Input data -
══════════

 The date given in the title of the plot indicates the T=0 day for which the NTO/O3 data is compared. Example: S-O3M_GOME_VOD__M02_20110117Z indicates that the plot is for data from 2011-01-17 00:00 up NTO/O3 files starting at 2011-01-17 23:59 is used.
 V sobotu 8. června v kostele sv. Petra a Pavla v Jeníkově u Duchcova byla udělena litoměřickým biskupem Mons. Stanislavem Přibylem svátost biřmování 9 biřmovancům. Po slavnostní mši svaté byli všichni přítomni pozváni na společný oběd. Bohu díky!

══════════

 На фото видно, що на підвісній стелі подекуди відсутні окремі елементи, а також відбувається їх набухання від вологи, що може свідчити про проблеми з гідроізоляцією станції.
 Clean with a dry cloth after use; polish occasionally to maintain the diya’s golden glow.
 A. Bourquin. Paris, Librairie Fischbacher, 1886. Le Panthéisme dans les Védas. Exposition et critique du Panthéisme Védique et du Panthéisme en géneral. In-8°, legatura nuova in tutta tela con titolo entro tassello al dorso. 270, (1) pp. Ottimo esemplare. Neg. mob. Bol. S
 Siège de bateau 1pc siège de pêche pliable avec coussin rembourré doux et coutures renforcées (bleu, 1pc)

══════════

Work order - In the listing above, find the line with "Clean with a" and the line with "A. Bourquin. Paris, Librairie". Output those two lines and every line between them, exactly as written.

Expected answer -
 Clean with a dry cloth after use; polish occasionally to maintain the diya’s golden glow.
 A. Bourquin. Paris, Librairie Fischbacher, 1886. Le Panthéisme dans les Védas. Exposition et critique du Panthéisme Védique et du Panthéisme en géneral. In-8°, legatura nuova in tutta tela con titolo entro tassello al dorso. 270, (1) pp. Ottimo esemplare. Neg. mob. Bol. S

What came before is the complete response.